TASK INSTRUCTIONS - Reproduce exactly, and only, the lines of the material below running from the line bearing "The traditional craftsmanship" through the line bearing "Painted Stripe fabric". Leave any pictures out.

+-------+

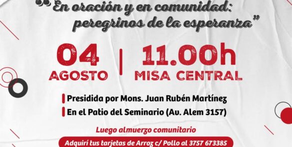 El equipo de comunicación del Seminario Diocesano Santo Cura de Ars cordialmente invita a la comunidad a participar en la Fiesta Patronal 2024, bajo el lema «En oración y en comunidad: peregrinos de la esperanza». El evento se llevará a cabo el próximo 4 de agosto con la Misa Central a las 11:00 horas en … Sigue leyendo Adquirí tus tarjetas de arroz con pollo o reservá empanadas y pastelitos para la Fiesta Patronal del Seminario
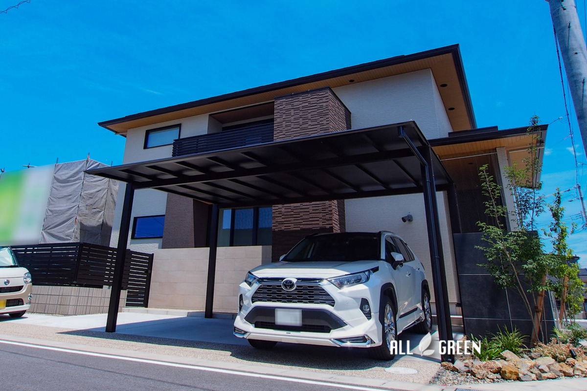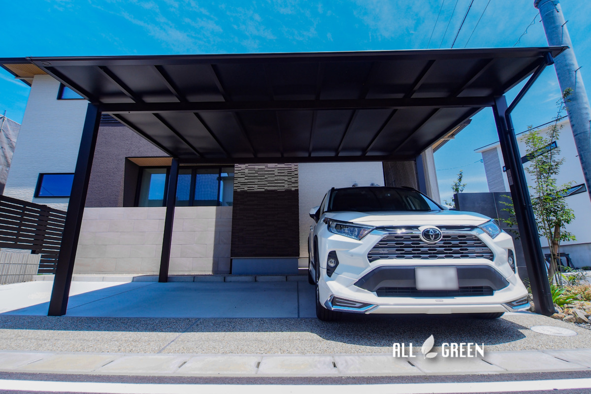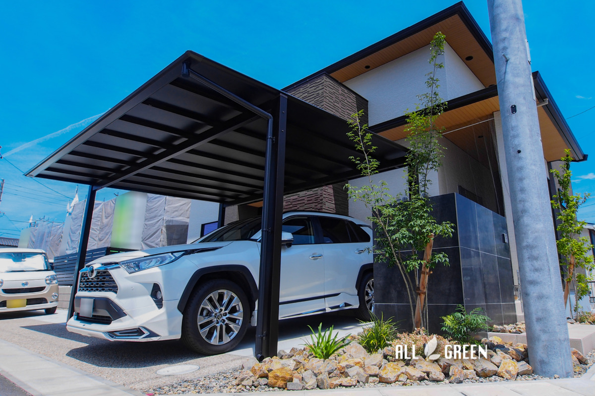 さらに、柱・屋根・梁をブラックで統一したことで、空間にまとまりが生まれシックで洗練された雰囲気に仕上がりました。屋根材にはブラックポリカーボネートを使用し、強い日差しや紫外線をしっかりと遮りながら、大切な愛車を守ります。見た目の美しさだけでなく、車内温度の上昇も抑え、日常の使い心地にも配慮しました。
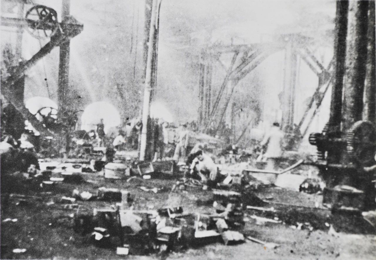 1949年5月上海,虽然江南造船所经历了英勇的护厂斗争,但此时的船坞、厂房、设备,均已遭受到严重的破坏。
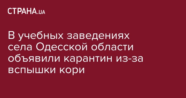 В селе Шевченково под Одессой с понедельника, 21 января, введен карантин во всех учебных заведениях из-за вспышки кори. Об этом сообщает глава Килийской объединенной территориальной громады Павел Бойченко на своей странице в Facebook.
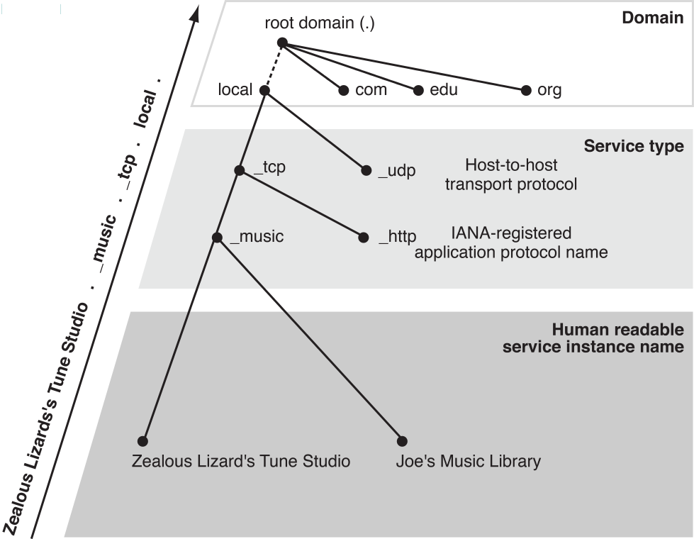 Figure 2-2 illustrates the organization of the name of a Bonjour service instance. At the top level of the tree is the domain, such as local. for the local network. Below the domain is the registration type, which consists of the service type preceded by an underscore (_music) and the transport protocol, also preceded by an underscore (_tcp). At the bottom of the tree is the human-readable service instance name, such as Zealous Lizard’s Tune Studio. The complete name is a path along the tree from bottom to top, with each component separated by a dot.
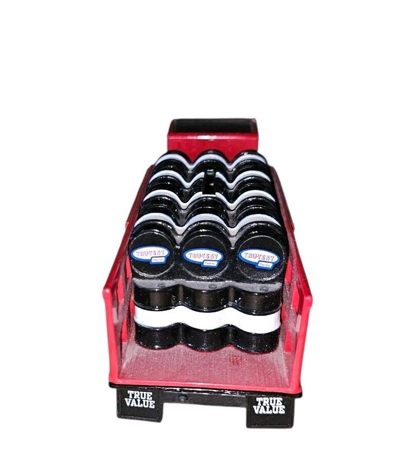 This vintage lot of 4 ERTL Ace True Value Hardware diecast 1:34 banks features a Kenworth truck in red and black. Each bank comes in its original unopened box and is part of the Kenworth Truck w/ Barrels series. Made of diecast material and with a scale of 1:34, these collectible vehicles are recommended for ages 8 and over. The banks are themed after True Value Hardware and showcase a Kenworth truck from 1925. A perfect addition to any diecast toy or vintage collection, these ERTL banks are a nostalgic piece of toy history.
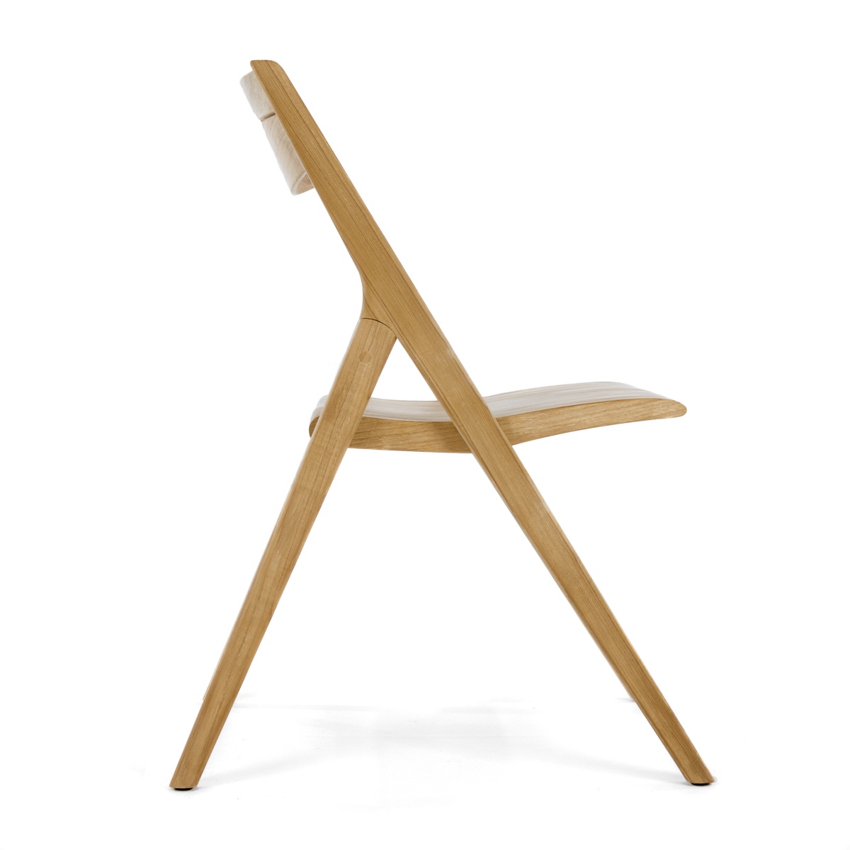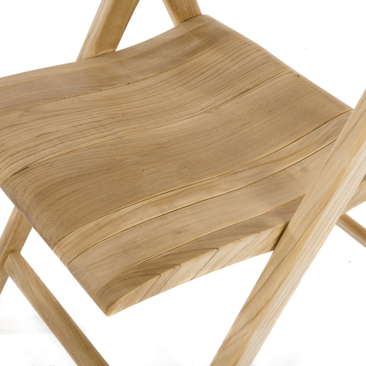 The traditional craftsmanship of the 36 inch bistro table complemented by the graceful stance of the Surf Chairs, the Surf Bistro Folding Chair Set epitomizes convenient and contemporary dining. The Surf chairs are generously scaled and their gentle curves offer lasting comfort even without cushions. First impressions hardly reveal that the chair folds while its solid stature will endure the test of time and the outdoors.
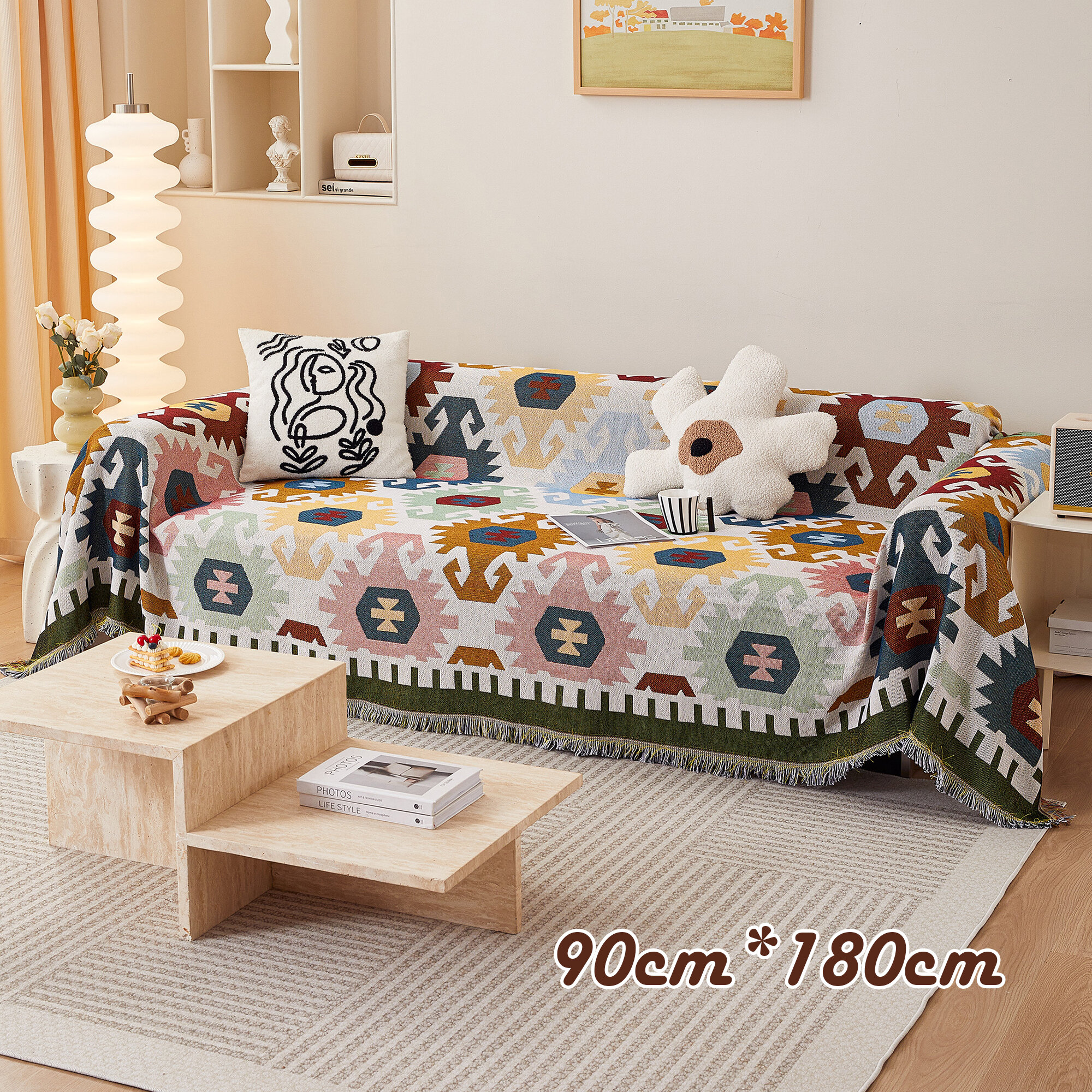 Покрывало на диван, плед для пикника, пляжное покрывало, плед хлопковый / полиэстер, современное покрывало для дивана в стиле INS с геометрический узор, размер 90X180
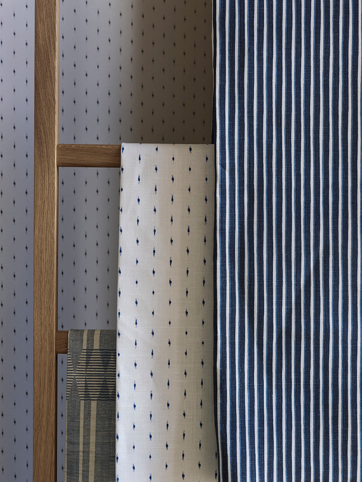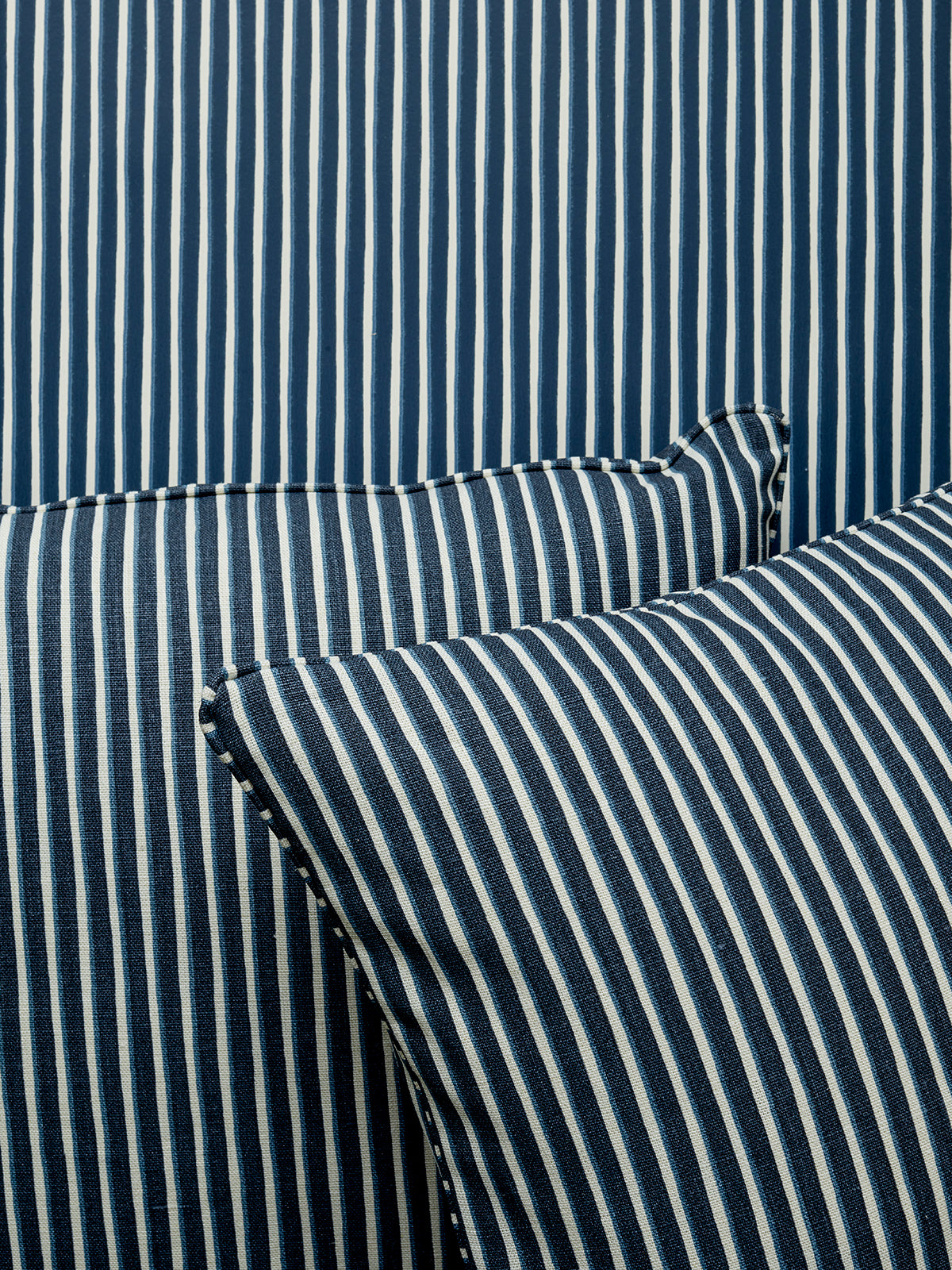 Painted Stripe fabric has a playful spirit and timeless character. Adorned with soft hand-painted lines, it reflects a love for the design's 'perfectly imperfect' feel, underpinning the printed fabric's arts and crafts mood.
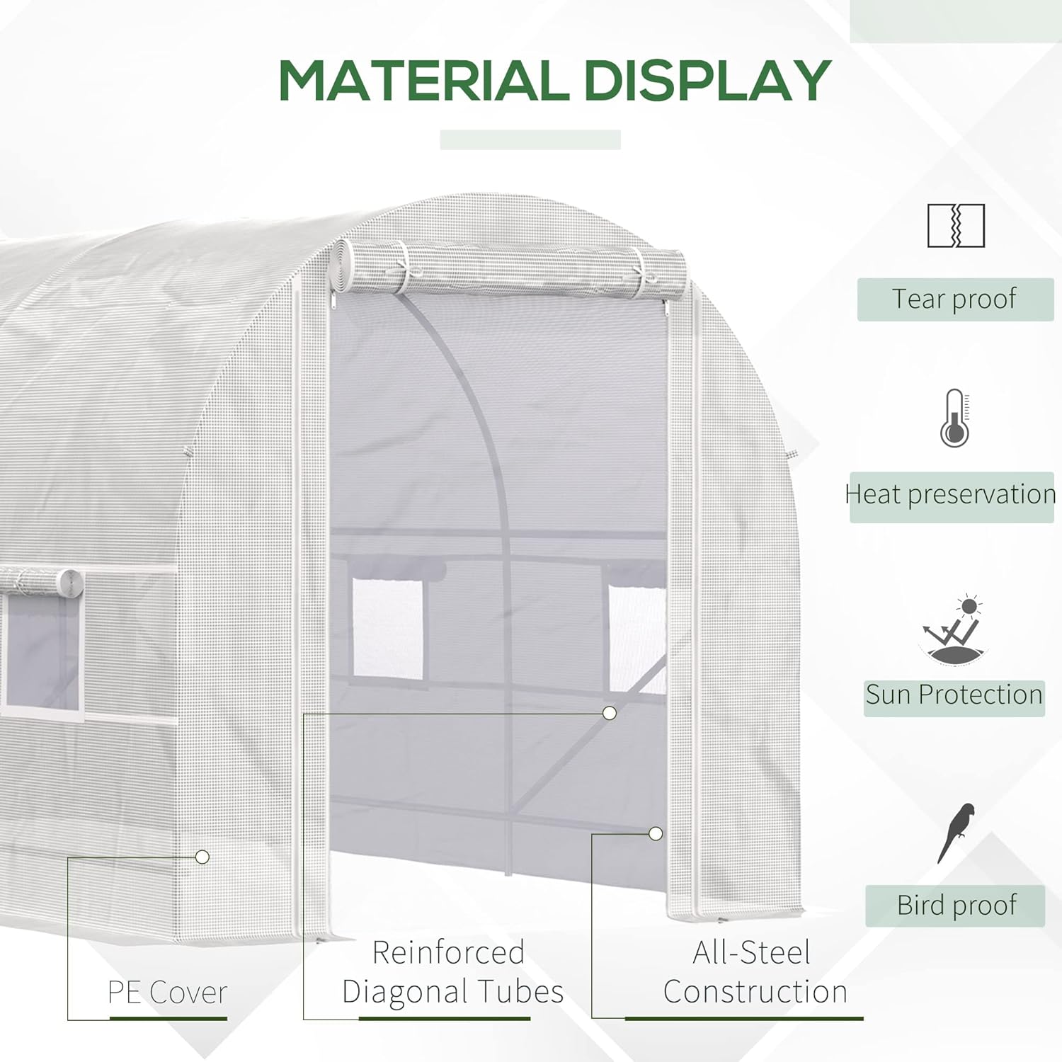 - Transparent Plastic Cover: Shield your plants effectively with our tunnel greenhouse's 140gsm PE cover, which allows 85% sunlight penetration while protecting against UV damage. The cover features a tear-resistant reinforcement grid. 6" extended edges enhance stability and effective rainwater sealing.

+-------+

THE COMPLETED TASK -
 The traditional craftsmanship of the 36 inch bistro table complemented by the graceful stance of the Surf Chairs, the Surf Bistro Folding Chair Set epitomizes convenient and contemporary dining. The Surf chairs are generously scaled and their gentle curves offer lasting comfort even without cushions. First impressions hardly reveal that the chair folds while its solid stature will endure the test of time and the outdoors.
 Покрывало на диван, плед для пикника, пляжное покрывало, плед хлопковый / полиэстер, современное покрывало для дивана в стиле INS с геометрический узор, размер 90X180
 Painted Stripe fabric has a playful spirit and timeless character. Adorned with soft hand-painted lines, it reflects a love for the design's 'perfectly imperfect' feel, underpinning the printed fabric's arts and crafts mood.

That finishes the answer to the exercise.